Back-to-school expectations must be adjusted this year

0


[ad_1]

Scary Mom and FatCamera / Getty

I can’t believe my kids are going back to class in a week. This summer has gone by too quickly, and now I’m tagging school supplies, washing backpacks, and attending orientations. Every morning I find my inbox flooded with emails about bus schedules, updated policies, and reminders. Our summer happiness quickly turns into another year of pandemic education.

Unlike past years, when I deliberately worked to keep track of my children’s grades and check with their teachers, this year there will be very little. As many of us have been reminded over the past year and a half, very few things matter as much as the mental health and general well-being of our children. During this school year, I plan to fire or cut back on anything that doesn’t really matter academically and instead make sure my kids are doing really, really well.

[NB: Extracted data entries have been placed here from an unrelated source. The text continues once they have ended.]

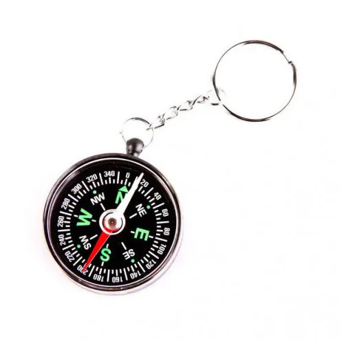 Туристический компас с цепочкой и кольцом, круглая капсула выполнена из пластика.
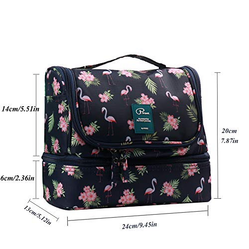 - Disegno a doppio strato - La tasca inferiore è progettata con banda elastica intrecciata per memorizzare le bottiglie del lavaggio del corpo o dello shampoo; Il vano principale superiore è ampia e dispone di ampio spazio per adattarsi a tutti i tuoi cosmetici, make up, accessori da barba, spazzolino da denti e dentifricio, prodotti igienici femminili - o le cose del tuo partner!
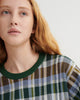 Knit from soft organic cotton, featuring a seasonal check pattern with drop shoulders and a boxy silhouette. Contrast forest-green ribbing at the neck, cuffs, and hem adds a refined finish to its relaxed, everyday shape.
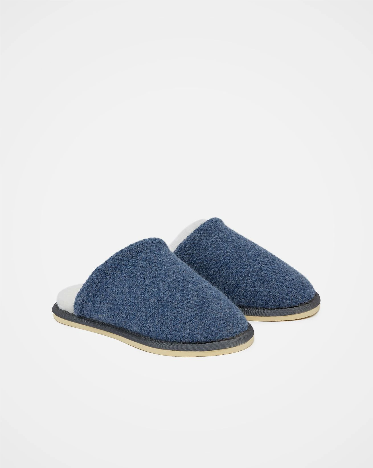 Each pair of slippers is crafted with a textured woollen outer and lined with dreamy shearling, encasing your feet in cloud-soft comfort that you’ll never want to remove.

We and our children have been through so much. Between distance and in-person learning, or sometimes a mixture of the two, the debates over masks and vaccines and the confusion, the loss of extracurricular activities and the constant changing of guidelines, we’ve all lost our minds. The teachers, many of whom are parents themselves, have become some of the pandemic’s superheroes, but they never asked for the role. Instead, like all of us, they were thrown into a hurricane of confusion and expectation.

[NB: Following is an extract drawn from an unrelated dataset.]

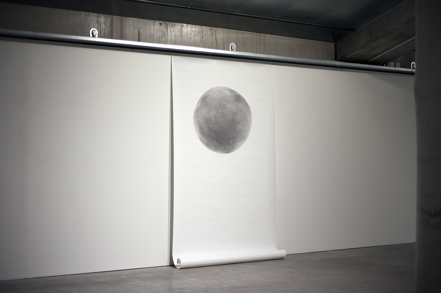 During the drawing process everything is vivid and present in that moment. The scale challenges the physics and dimensions of the body: constant reaching out, moving back and forth again and again, rubbing the charcoal deep inside the surface of the paper and polishing the graphite pigment with a heavy stone. So arise those landscapes that belong to another world that slips away and flows through the fingers somewhere foggy and dark, to distant memories, to the sounds of water and its flickering reflections. While drawing, the materials transform, places change and the story slowly takes its shape.

If distance learning has taught parents anything, it’s that being a teacher isn’t that easy. They are overworked and underpaid. We just got a taste of what it means to be a teacher, and whoa, most of us left jobs we were never hired to do.

Knowing what we know now, with some pandemic experience under our belt, I have to share this. Parents, we have a duty to fulfill this year. It’s simple: Fire.

The most important part of our children is not their knowledge of books, nor their test scores. Our children have not fallen behind and need to be pushed to catch up. Think about it. Behind who? We have to extend a lot of thanks to our children who have endured a traumatic and continuing situation. In addition, our children’s teachers need the same level of empathy, recognition and support.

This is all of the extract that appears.